__Supplied data__:
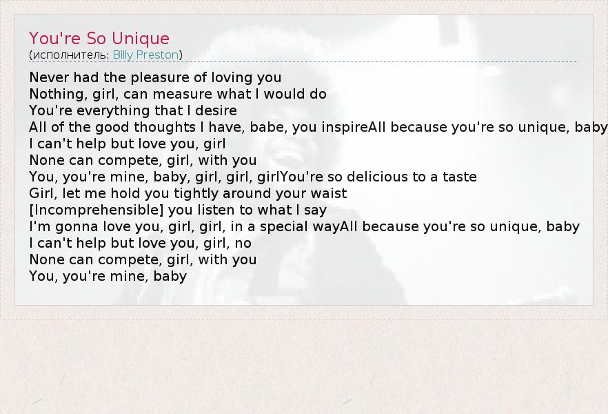 А как ты думаешь, о чем песня "You're So Unique" ?
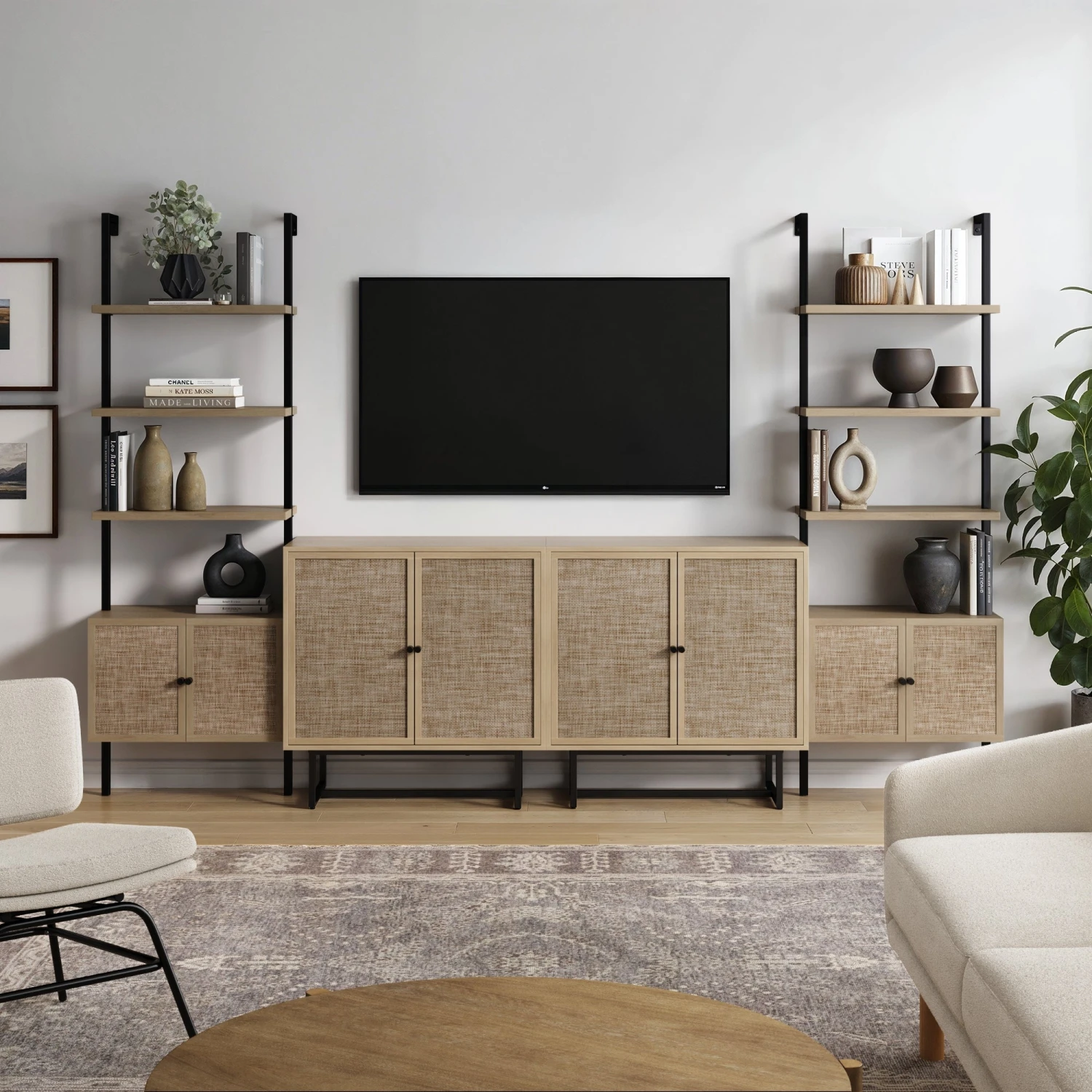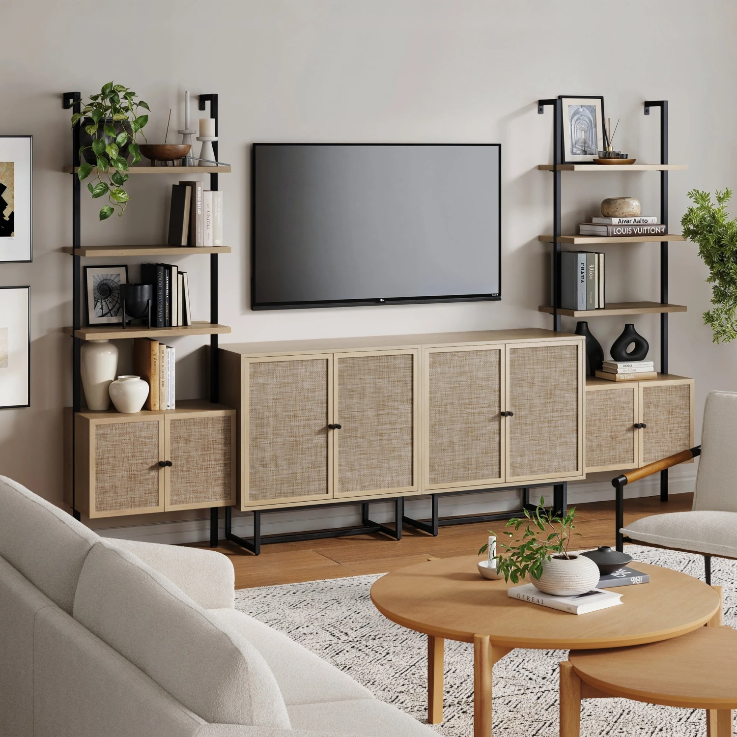 A beautiful boho wall shelving system made easy! We’ve paired our best-selling Kova storage cabinets with our best-selling Theo bookshelves to create a gorgeous rattan wall shelving system. Featuring durable faux rattan door fronts, a light oak finish and space for just about everything, this wall storage bundle is sure to turn heads!
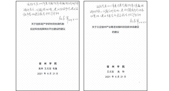 与会领导对宿州学院的发言和建议给予高度评价,认为宿州学院在调研任务完成过程中发挥了重要的作用,问题找的准、措施很有效、建议可行性高,并对吴玲教授和王元宝博士提交的专题报告,现场签批了意见,并希望宿州学院同市政协的智库合作继续保持,为加强校地合作贡献力量。
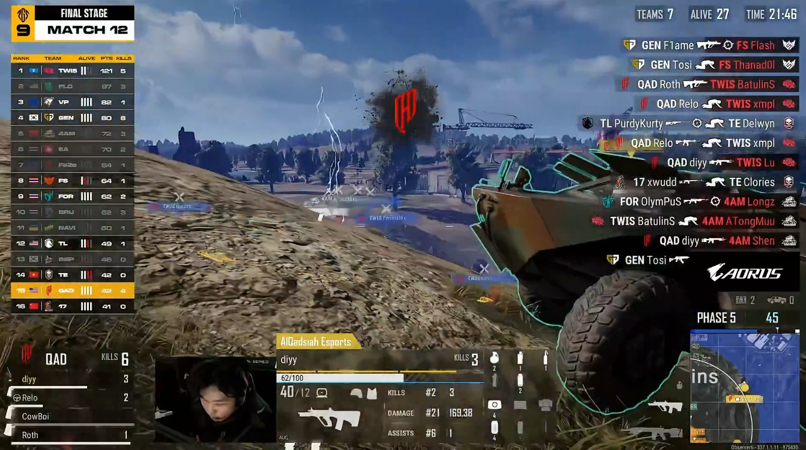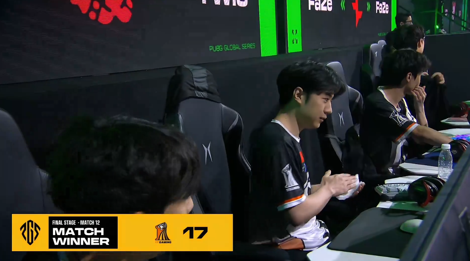 阶段7圈形刷新,FOR和QAD都贴到了VP的房区反坡,17位于弱侧但位置很低,被TL的独狼和GEN一直骚扰,蓝圈收缩后GEN一波冲锋送到QAD脸上,独狼清掉后17成为了左侧的唯一队伍。8圈出现后FOR无伤清掉QAD,17趁VP收缩时抢到靠近圈中心的两间房,FOR好像打嗨了,没管VP选择用C4爆17,还好这个C4效果不好,反倒是VP出手配合17先把FOR打了,后续17利用房顶优势稳扎稳打拿下VP成功吃鸡。

__Exercise details__: The job is to return the listing above exactly, minus its pictures.

__Task result__:
 А как ты думаешь, о чем песня "You're So Unique" ?
 A beautiful boho wall shelving system made easy! We’ve paired our best-selling Kova storage cabinets with our best-selling Theo bookshelves to create a gorgeous rattan wall shelving system. Featuring durable faux rattan door fronts, a light oak finish and space for just about everything, this wall storage bundle is sure to turn heads!
 与会领导对宿州学院的发言和建议给予高度评价,认为宿州学院在调研任务完成过程中发挥了重要的作用,问题找的准、措施很有效、建议可行性高,并对吴玲教授和王元宝博士提交的专题报告,现场签批了意见,并希望宿州学院同市政协的智库合作继续保持,为加强校地合作贡献力量。
 阶段7圈形刷新,FOR和QAD都贴到了VP的房区反坡,17位于弱侧但位置很低,被TL的独狼和GEN一直骚扰,蓝圈收缩后GEN一波冲锋送到QAD脸上,独狼清掉后17成为了左侧的唯一队伍。8圈出现后FOR无伤清掉QAD,17趁VP收缩时抢到靠近圈中心的两间房,FOR好像打嗨了,没管VP选择用C4爆17,还好这个C4效果不好,反倒是VP出手配合17先把FOR打了,后续17利用房顶优势稳扎稳打拿下VP成功吃鸡。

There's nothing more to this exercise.